TASK PROMPT -
Your answer must be the exact lines below, starting with the line with "9. ΠΡΟΣΚΛΗΣΗ ΕΚΔΗΛΩΣΗΣ" and going on through the line with "2-2. 간략한 본인 평가를 제출합니다. (후보자가 작성)", both included, with no pictures.

PROVIDED RECORDS -
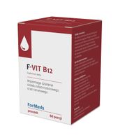Suplement diety F-VIT B12 zawiera witaminę B12 oraz inulinę z korzenia cykorii w formie proszku.
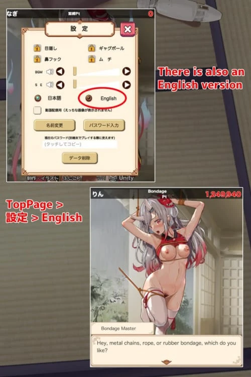 最初衣服会逐渐脱落,随后逐步升级为绑缚、拘束、潮吹、乳头责玩等玩法。
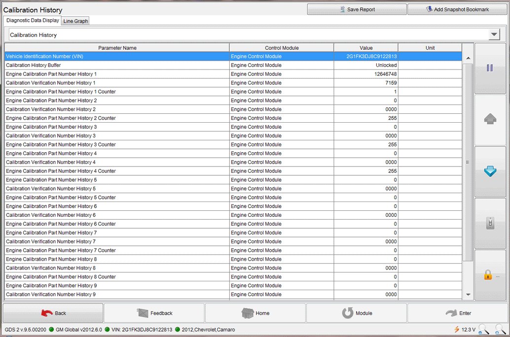 Select: Calibration History from the drop down menu in order to display the following items on the screen, including the VIN:
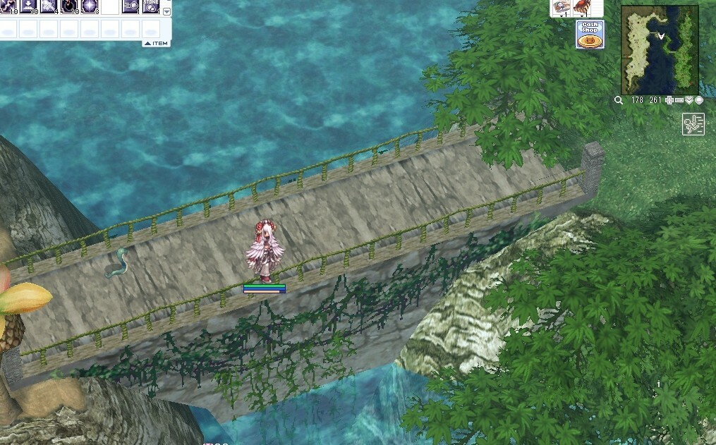 よく見る橋って木の吊り橋だから、基礎が川の中に埋め込まれてる橋はRO内で初めて見た気がする。
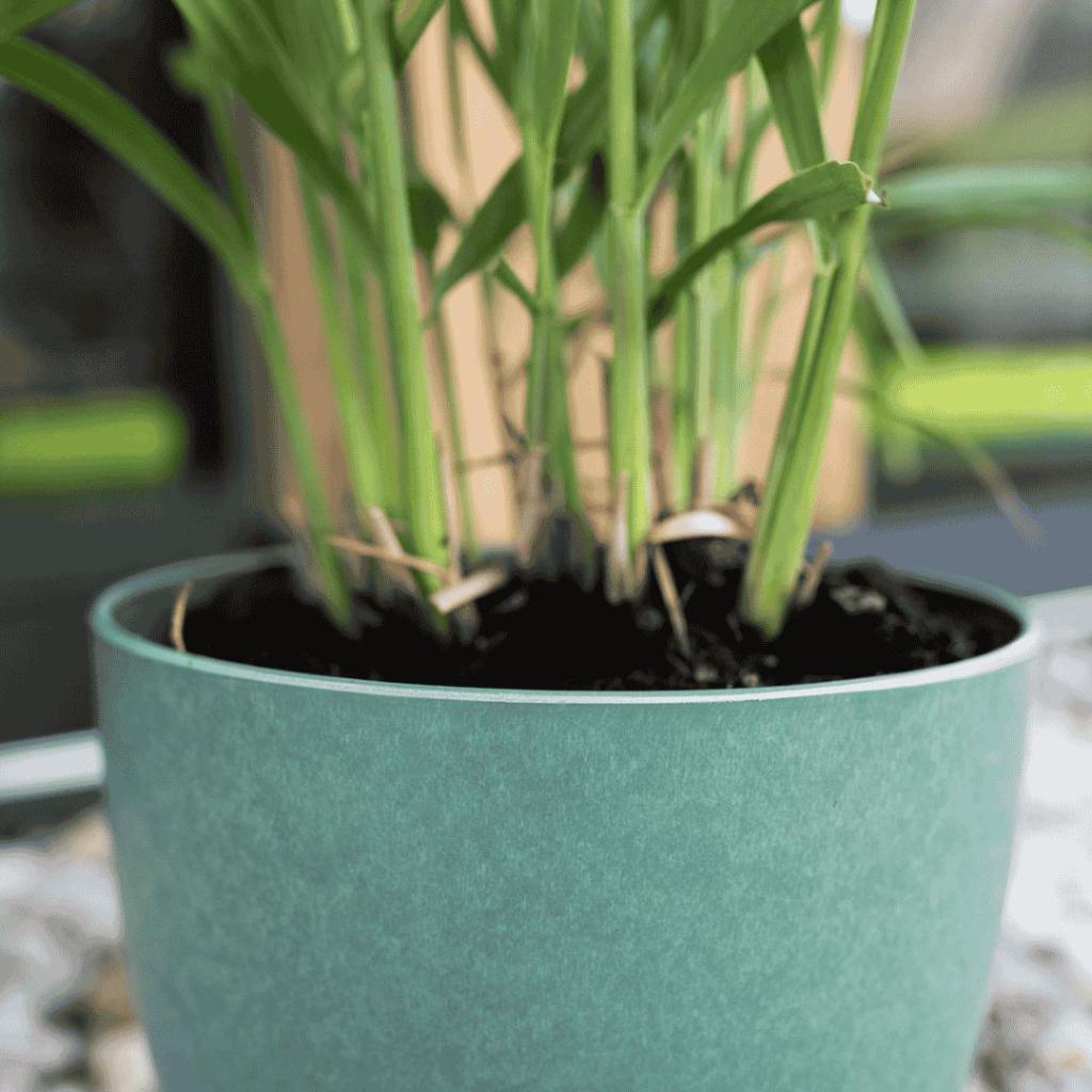 De Bola in de kleur Thyme is een royale bloempot met een tijdloze uitstraling. Vervaardigd uit een duurzame mix van gerecycled kunststof en natuurlijk steenpoeder, is deze pot zowel sterk als licht van gewicht. De natuursteen-look geeft Bola een stijlvolle en natuurlijke afwerking, waardoor hij perfect past in moderne en klassieke tuinen of interieurs. Dankzij het geïntegreerde drainagesysteem met een handige bodemplug is de pot geschikt voor zowel binnen- als buitengebruik. Met zijn ruime formaat van D33 × H29 cm is Bola ideaal voor grotere kamerplanten of kleine boompjes.
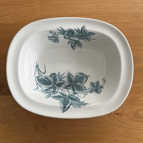 Arabian vihertävä syvälautanen rotanhäntä-leimalla (1900-1920). Hieman krakeloitumaa mikä näkyy kun suurentaa kuvaa.
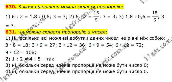 630. З яких відношень можна скласти пропорцію: 1) 6 : 2 = 1,8 : 0,6; 3 = 3; 2) 6 : 2 = 15/5; 3 = 3; 3) 1,8 : 0,6 = 15/5; 3 = 3. 631. Чи можна скласти пропорцію з чисел: 1) Ні, оскільки всі можливі добутки даних чисел не рівні між собою: З ∙ 6 = 18; 3 ∙ 9 = 27; 3 ∙ 12 = 36; 6 ∙ 9 = 54; 6 ∙ 12 = 72; 9 ∙ 12 = 108; 2) 1 : 2 = 4 : 8 – так. 3) ні, оскільки серед членів пропорції не може бути число 0; 4) ні, оскільки серед членів пропорції не може бути число 0.
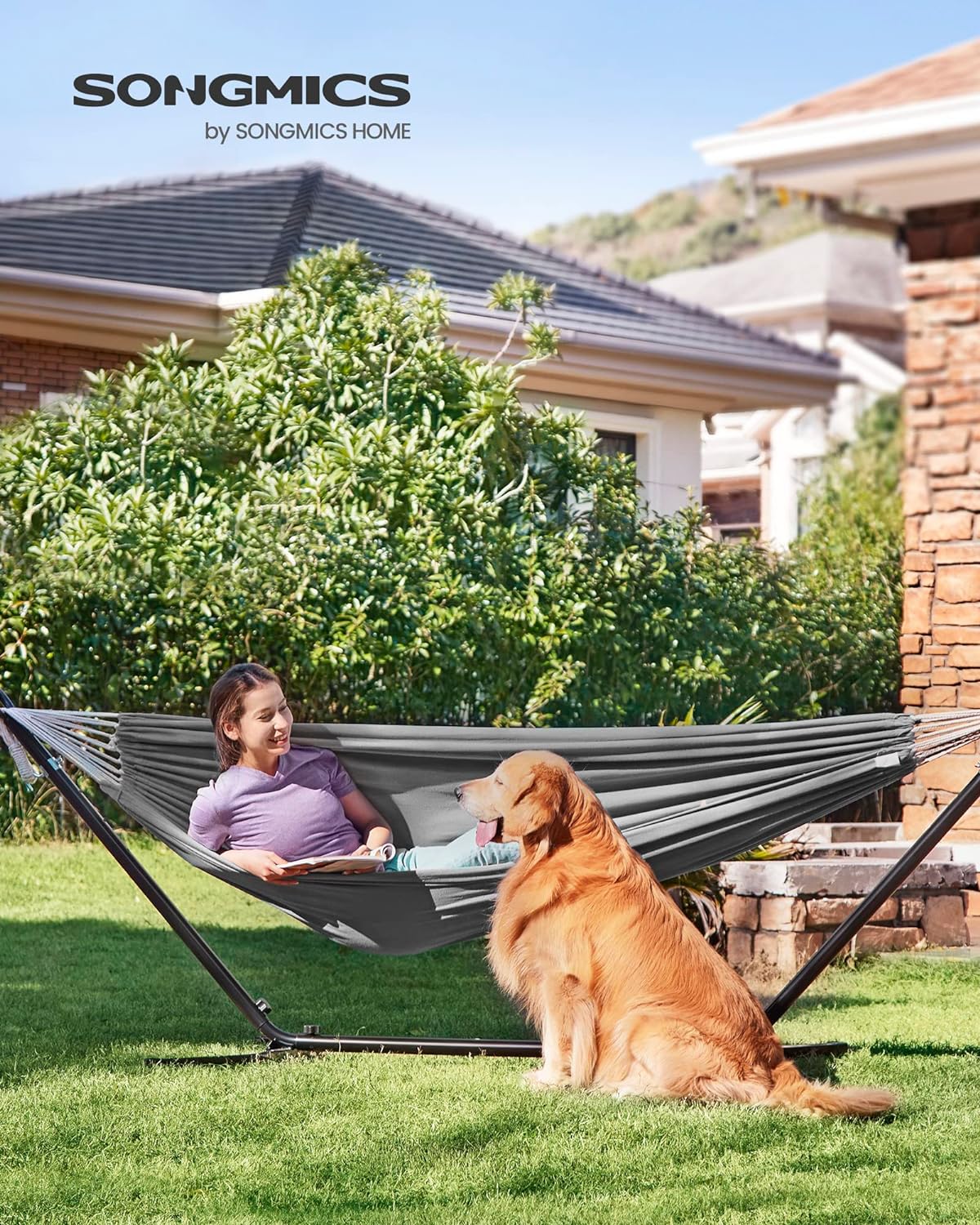 Hamac SONGMICS cu cadru metalic reglabil, 240 kg, 300x90x95 cm, gri
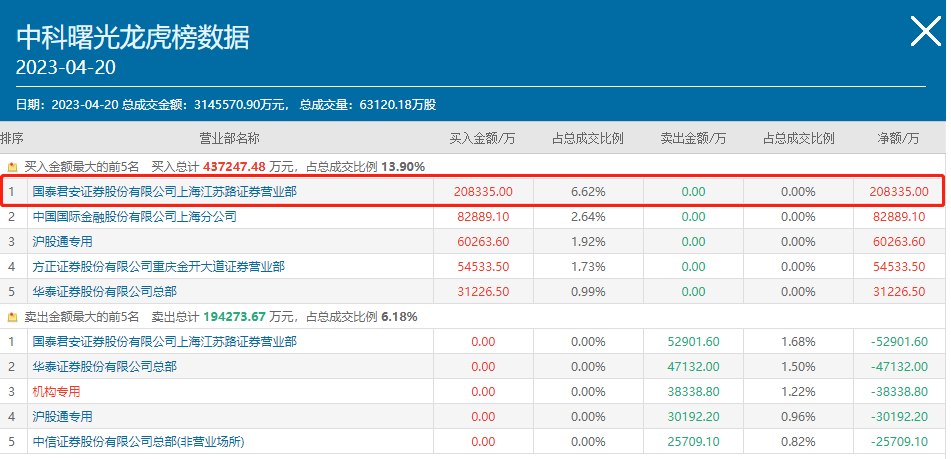提及国泰君安上海江苏路营业部,相信不少投资者应该不陌生,该营业部被认为是市场知名游资章盟主的席位。早在1个月之前AI概念股大火的时候,这家营业部曾一度斥巨资逾20亿元抢筹中科曙光,此举引发市场高度关注,也被市场“戏谑”章盟主“20亿以下不分仓”。
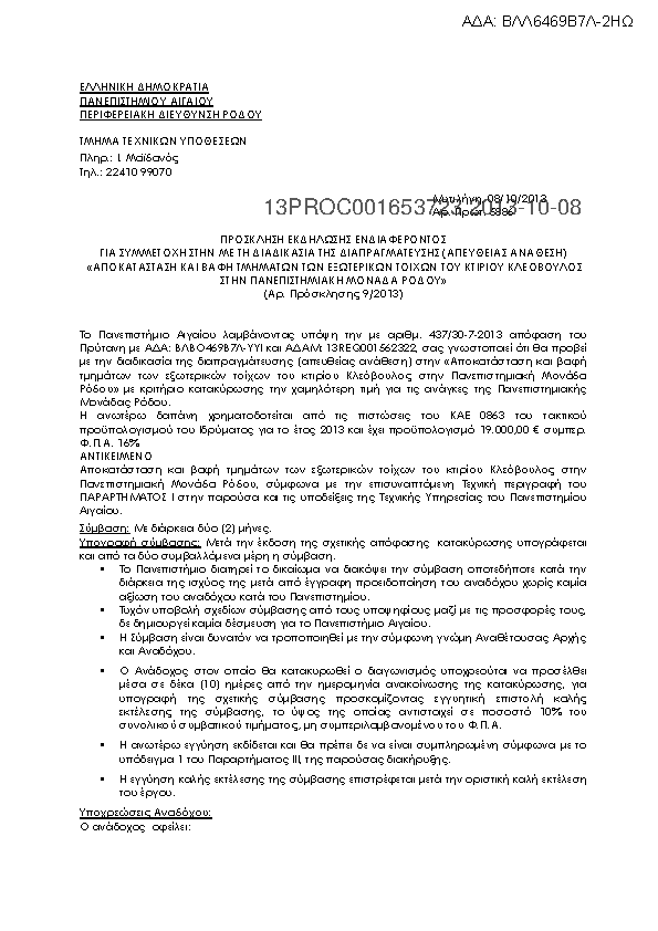 9. ΠΡΟΣΚΛΗΣΗ ΕΚΔΗΛΩΣΗΣ ΕΝΔΙΑΦΕΡΟΝΤΟΣ ΓΙΑ ΣΥΜΜΕΤΟΧΗ ΣΤΗΝ ΜΕ ΤΗ ΔΙΑΔΙΚΑΣΙΑ ΤΗΣ ΔΙΑΠΡΑΓΜΑΤΕΥΣΗΣ (ΑΠΕΥΘΕΙΑΣ ΑΝΑΘΕΣΗ) «ΑΠΟΚΑΤΑΣΤΑΣΗ ΚΑΙ ΒΑΦΗ ΤΜΗΜΑΤΩΝ ΤΩΝ ΕΞΩΤΕΡΙΚΩΝ ΤΟΙΧΩΝ ΤΟΥ ΚΤΙΡΙΟΥ ΚΛΕΟΒΟΥΛΟΣ ΣΤΗΝ ΠΑΝΕΠΙΣΤΗΜΙΑΚΗ ΜΟΝΑΔΑ ΡΟΔΟΥ»(Αρ. Πρόσκλησης 9...
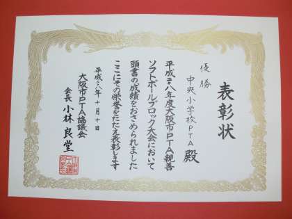 10月10日(月)に天王寺区五条公園にて、PTAソフトボール大会東ブロック大会が行われました。中央区代表として出場した中央小学校チームは、トーナメントを勝ち上がり、見事優勝することができました。たくさんの応援ありがとうございました。
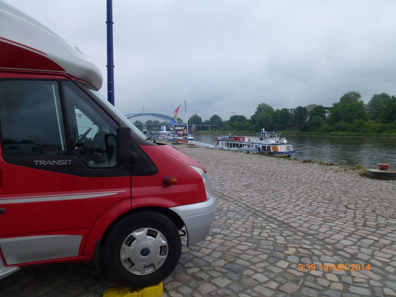 We zijn naar Minden gereden Reisemobielstellplatz Kanziers Weide (N52,28750 en O 8,9251). Even met de scooter naar het centrum gereden, als je goed te voet bent kan dat ook prima via de loopbrug. Het weer is droog, maar wel bewolkt. In een restaurantje Doner Kebab gegeten. Er stond een feesttent die druk door de jeugd bezocht werd, natuurlijk hoorden we de muziek, maar geen enkele overlast toen de jeugd in de nacht vertrok. Hier kan de Nederlandse jeugd een voorbeeld aan nemen. Gisteren zagen we op de televisie dat Bosnië, Kroatië en nog wat oosterlijk gelegen landen erg veel wateroverlast hebben. Ook in Praag schijnt erg veel water gevallen te zijn dat de stad blank heeft gezet.. Wij zullen de route dus aanpassen want een waadpak heb ik niet bij me :-). Mogelijk blijven we in Duitsland, we willen in ieder geval nog een keer naar Berlijn.
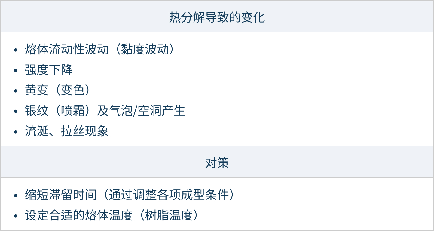 由于热分解与温度和时间密切相关,当成型温度高于必要水平,或树脂在成型机内的滞留时间过长时,更容易发生分解。
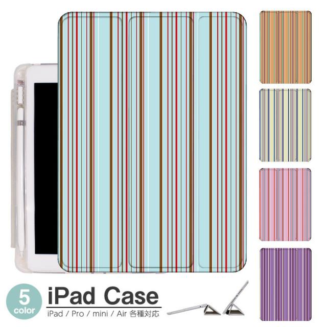 iPad ケース ペンシル収納 背面マット iPad mini6 ケース 2021 新型10.2インチ iPad ケース 第9世代 iPad Air5 ケース 10.2インチ ipad ケース 第8世代 iPad air4 ケース ペン収納 三つ折り保護カバー 軽量 iPad Air5 カバー Apple Pencil マルチ ストライプ
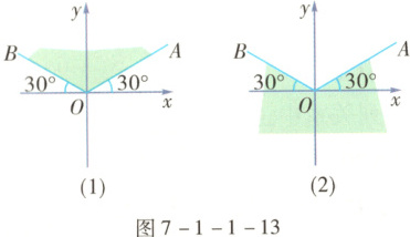 7. (知识点3·能力点1)写出终边在如图7-1-1-13所示阴影部分内(包括边界)的角的集合。
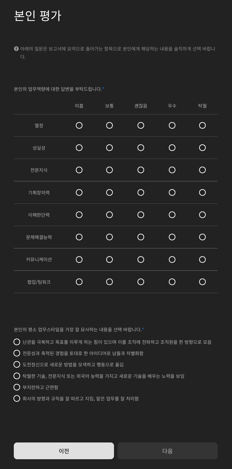 2-2. 간략한 본인 평가를 제출합니다. (후보자가 작성)
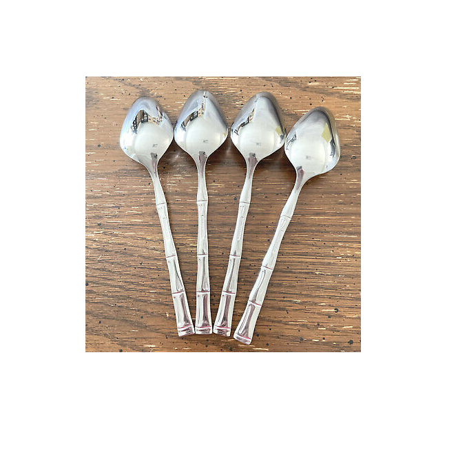 ช้อนทองเหลืองโบราณรูปทรงด้ามไม้ไผ่ล่าสุดสำหรับรับประทานอาหารค่ำในบ้านดีไซน์หรูหรา

ANSWER SPACE -
 9. ΠΡΟΣΚΛΗΣΗ ΕΚΔΗΛΩΣΗΣ ΕΝΔΙΑΦΕΡΟΝΤΟΣ ΓΙΑ ΣΥΜΜΕΤΟΧΗ ΣΤΗΝ ΜΕ ΤΗ ΔΙΑΔΙΚΑΣΙΑ ΤΗΣ ΔΙΑΠΡΑΓΜΑΤΕΥΣΗΣ (ΑΠΕΥΘΕΙΑΣ ΑΝΑΘΕΣΗ) «ΑΠΟΚΑΤΑΣΤΑΣΗ ΚΑΙ ΒΑΦΗ ΤΜΗΜΑΤΩΝ ΤΩΝ ΕΞΩΤΕΡΙΚΩΝ ΤΟΙΧΩΝ ΤΟΥ ΚΤΙΡΙΟΥ ΚΛΕΟΒΟΥΛΟΣ ΣΤΗΝ ΠΑΝΕΠΙΣΤΗΜΙΑΚΗ ΜΟΝΑΔΑ ΡΟΔΟΥ»(Αρ. Πρόσκλησης 9...
 10月10日(月)に天王寺区五条公園にて、PTAソフトボール大会東ブロック大会が行われました。中央区代表として出場した中央小学校チームは、トーナメントを勝ち上がり、見事優勝することができました。たくさんの応援ありがとうございました。
 We zijn naar Minden gereden Reisemobielstellplatz Kanziers Weide (N52,28750 en O 8,9251). Even met de scooter naar het centrum gereden, als je goed te voet bent kan dat ook prima via de loopbrug. Het weer is droog, maar wel bewolkt. In een restaurantje Doner Kebab gegeten. Er stond een feesttent die druk door de jeugd bezocht werd, natuurlijk hoorden we de muziek, maar geen enkele overlast toen de jeugd in de nacht vertrok. Hier kan de Nederlandse jeugd een voorbeeld aan nemen. Gisteren zagen we op de televisie dat Bosnië, Kroatië en nog wat oosterlijk gelegen landen erg veel wateroverlast hebben. Ook in Praag schijnt erg veel water gevallen te zijn dat de stad blank heeft gezet.. Wij zullen de route dus aanpassen want een waadpak heb ik niet bij me :-). Mogelijk blijven we in Duitsland, we willen in ieder geval nog een keer naar Berlijn.
 由于热分解与温度和时间密切相关,当成型温度高于必要水平,或树脂在成型机内的滞留时间过长时,更容易发生分解。
 iPad ケース ペンシル収納 背面マット iPad mini6 ケース 2021 新型10.2インチ iPad ケース 第9世代 iPad Air5 ケース 10.2インチ ipad ケース 第8世代 iPad air4 ケース ペン収納 三つ折り保護カバー 軽量 iPad Air5 カバー Apple Pencil マルチ ストライプ
 7. (知识点3·能力点1)写出终边在如图7-1-1-13所示阴影部分内(包括边界)的角的集合。
 2-2. 간략한 본인 평가를 제출합니다. (후보자가 작성)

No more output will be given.